The following reagents were used: 0.9% NaCl (0.15 mol/L; Chempur, Poland); 0.1 mol/L phosphate buffer pH = 7.0 and pH = 8.0 (disodium phosphate, monosodium phosphate [Baker, Poland]); a stock solution of 5,5′-dithiobisnitrobenzoic acid (DTNB; 0.01 mol/L [Sigma Aldrich, St. Louis, MO, USA]) prepared in phosphate buffer at pH = 7.0; a stock aqueous solution of acetyltiocholine iodide (ATC; 21.67 mg/mL; Sigma Aldrich); a stock aqueous solution of butyryltiocholine iodide (BTC; 20.50 mg/mL; Sigma Aldrich). The stock solutions of DTNB, ATC, and BTC were stored in low-volume aliquots at a temperature of −30 °C. Before each experiment the solutions were restored at 37 °C for 15 min. For the establishment of kinetic parameters and type of inhibition, decreasing concentrations of both substrates (ATC and BTC) were used (1:2 to 1:20).

Biological material

The studies using biological material were approved by the Bioethics Committee of the Medical University of Lodz (RNN/109/16/KE – for compounds CPL500036-01 and CPL500036-02 analysis and RNN/278/19/KE – for quetiapine). Blood samples were obtained from healthy donors of Blood Donation Centre in Lodz and The Voievodal Specialised Hospital in Lodz. The preparation of erythrocytes for AChE activity measurements and plasma for the assessment of BuChE activity has been described previouslyCitation22.

Inhibition of ChE

The effects of quetiapine, CPL500036-01 and CPL500036-02 on the activity of both ChEs were determined according to Ellman with modificationsCitation22,Citation23. Briefly, the experiments were conducted on a CE 2021 spectrophotometer (CECIL Cambridge, UK) with circulating thermostated water (37 °C) and a Model 300 Electronic Stirrer (Rank Brothers Ltd, England). The biological sample, consisting of a 400-fold diluted solution of haemolysed erythrocytes or 200-fold diluted plasma was incubated for 15 min (37 °C) with DTNB; the tested compound was then added in a volume of 10 µL. The enzymatic reaction was initiated by addition of a reaction substrate (ATC or BTC).

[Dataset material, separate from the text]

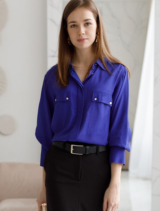 Состав: 55%Вис 45%Лиоцелл (Вис) Параметры модели на первом фото: Рост 172, бюст 88, талия 64, бедра 88Блузка с имитацией карманов и удлиненными манжетами выполнена из премиальной вискозы и лиоцелла. На спинке изделия фирменный логотип бренда. Имитация карманов позволяет этому элементу выглядеть аккуратно без складок и фалд, которые вероятны на такой пластичной ткани.Застежка на золотистые пуговицы. Приятная на ощупь ткань охлаждает кожу в жаркую погоду. Отлично впишется в нестрогий офисный дресс-код или в расслабленном повседневном образе с джинсами.

The absorbance was continuously recorded at λ = 436 nm for three minutes, and the maximal velocity of the reaction was counted on the basis of changes in absorbance over time.

The method was validated, eight control tests were conducted both for AChE and BuChE. The coefficients of variability were counted (CVAChE = 7.6%, CVBuChE = 8.9%).

Kinetic parameters of enzymatic reactions

To determine the type of BuChE inhibition by quetiapine, the experiments using decreasing concentrations (2-, 3-, 5-, 10-, 20-fold) of substrate (BTC) were conducted. The inhibitor was used at the IC50 value (6 µmol/L). A three-minute absorbance recording was carried out at λ = 436 nm using a CECIL 2021 spectrophotometer (CECIL Cambridge, UK) with a thermostatic water flow (temperature 37 °C).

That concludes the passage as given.